А то, что в эти годы Толстой начал со всё большим недоверием относиться к христианству, свидетельствует его известный авто-комментарий к рассказу «Три смерти» (1859), где отображена смерть трёх творений природы, некоей барыни, простого мужика и дерева. В письме к А.А.Толстой от 1 мая 1858 года он разъясняет: «Напрасно вы смотрите на неё (на рассказ «Три смерти», который автор называет штукой,—  М.Д.)  с христианской точки зрения. Моя мысль была: три существа умерли— барыня, мужик и дерево. Барыня жалка и гадка, потому что лгала всю жизнь и лжёт перед смертью. Христианство, как она его понимает, не решает для неё вопроса жизни и смерти. Зачем умирать, когда хочется жить? В обещания будущие христианства она верит воображением и умом, а всё существо её становится на дыбы, и другого успокоения (кроме ложно-христианского) нету,— а место занято. Она гадка и жалка. Мужик умирает спокойно, именно потому, что он не христианин. Его религия другая, хотя он по обычаю и исполнял христианские обряды; его религия— природа, с которой он жил. Он сам рубил деревья, сеял рожь и косил её, убивал баранов, и рожались у него бараны, и дети рожались, и старики умирали, и он знает твёрдо этот закон, от которого он никогда не отворачивался, как барыня, и прямо, просто смотрел ему в глаза. Une brute (животное.—  М.Д.) вы говорите, да чем же дурно une brute? Une brute есть счастье и красота, гармония со всем миром, а не такой разлад, как у барыни. Дерево умирает спокойно, честно и красиво. Красиво— потому что не лжёт, не ломается, не боится, не жалеет. Вот моя мысль...» (17,196).

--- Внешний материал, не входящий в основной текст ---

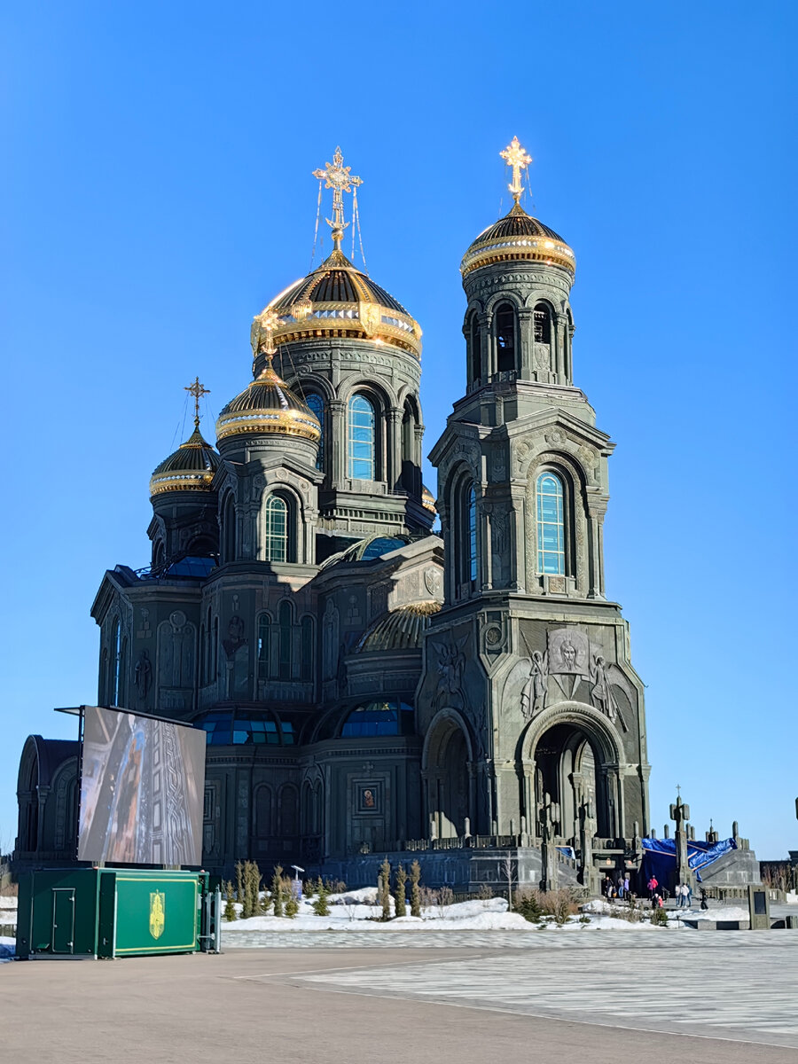 Доброго всем дня. Наконец в выходные добрались до парка Патриот в Одинцовском районе Москвы. В самом парке мы были ранее вместе с детьми: прошлись по выставке техники под открытым небом, посетили музейный комплекс исторический современный, партизанскую деревню и это далеко не все представленные локации. Остались под большим впечатлением, масштабы парка потрясают: от одного места до другого иногда удобнее на велосипеде передвигаться. Довольные и уставшие уезжали, но главную жемчужину парка Храм Военных Сил России не посетили. Именно он и был целью нашей поездки на этот раз. Ещё немного не закончен Карильон, арка-звонница в начале Музейно-Храмового комплекса. Но даже в таком виде сооружение поистине монументально и выглядит единым целым с самим Храмом, так как именно через арку Вы впервые видите сам Храм. Уже на парковке через громкоговоритель Вы услышите транслируемую музыку, которая ещё больше придаёт ощущение благоговения и благодарности, которое не покидает потом ни на секунду. В са

Не из такого ли видения мира и родилась в будущем толстовская проповедь опрощения, отвержения недолжных условностей и фальшей цивилизации?

Христианство, кажется, приравнивается автором к прочим, дурно искажающим природу человека влияниям. Правда, он оговаривается, что у барыни христианство ложное, но всё же противополагает этому ложному не истинное, но «религию природы», и оговаривает: смерть мужика спокойна именно потому, что он не христианин. Мир природы, мир животного, есть для Толстого мир счастья, красоты (земной, чувственной) и гармонии— тут весь набор эвдемонизма руссоистского толка. Показательно: автор не различает как бы, намеренно не различает, человека и дерево (как не различает детей человека и баранов), перечисляет их через запятую как равнозначные, как однородные сущности, именно творения природы, в жизненном процессе либо удаляющиеся от этой своей праматери и тем испорченные, либо сохранившие с нею гармоническую связь. Более всего это «удаётся» дереву (оно умирает красиво), поскольку оно-то никаким влияниям подвергнуто быть не может.

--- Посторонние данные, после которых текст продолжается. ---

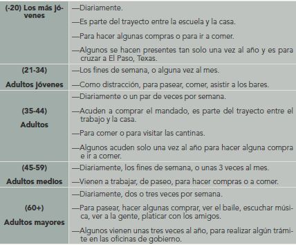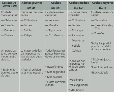 Los consumidores o visitantes comentaron su experiencia de haber visitado algún otro centro histórico. Entre los dos conjuntos de jóvenes se debe subrayar que son mayoría los que no han paseado por otras ciudades. Como se mencionó líneas atrás, la ubicación de Juárez le impone la lejanía como constante hacia cualquier otra ciudad mexicana. Por su parte, los adultos, los adultos medios y los adultos mayores han visitado otros centros, en las zonas sur, centro y norte del país. Los comentarios entre los cinco grupos de edad coinciden en que, en comparación con otros centros, el de Ciudad Juárez se mantiene en peores condiciones de limpieza, estética, seguridad e incluso con respecto a la preservación de edificios antiguos (véase cuadro V).

Рассказ «Три смерти»— ключевой ко всему творчеству Толстого. Без него не понять в полноте ни «Войны и мира», ни «Анны Карениной», ни религии толстовской.

Правда, от христианства Толстой пока не отрекается, но каким-то причудливым образом пытается соединить его в душе своей с иною «верою». В том же письме он признаётся: «Во мне есть, и в сильной степени, християнское чувство; но и это (религия природы.— M .Д.) есть, и это мне дорого очень. Это чувство правды и красоты, а то чувство личное, любви, спокойствия. Как это соединяется, не знаю и не могу растолковать; но сидят кошка с собакой в одном чулане,— это положительно» (17,196-197). Признание поразительное. Прежде всего: правду и красоту он от христианства отлучает— и для Толстого в том есть своя логика: правда и красота, следственно, для него только в гармонии с натуральными началами. Но важнее:  Толстой сознаёт непримиримость двух своих «религий» (как кошки с собакой) и тем бессознательно предрекает ихнеизбежный конфликт. И победу чего-то одного: несколько неопределённый пантеизм и христианство— несовместны.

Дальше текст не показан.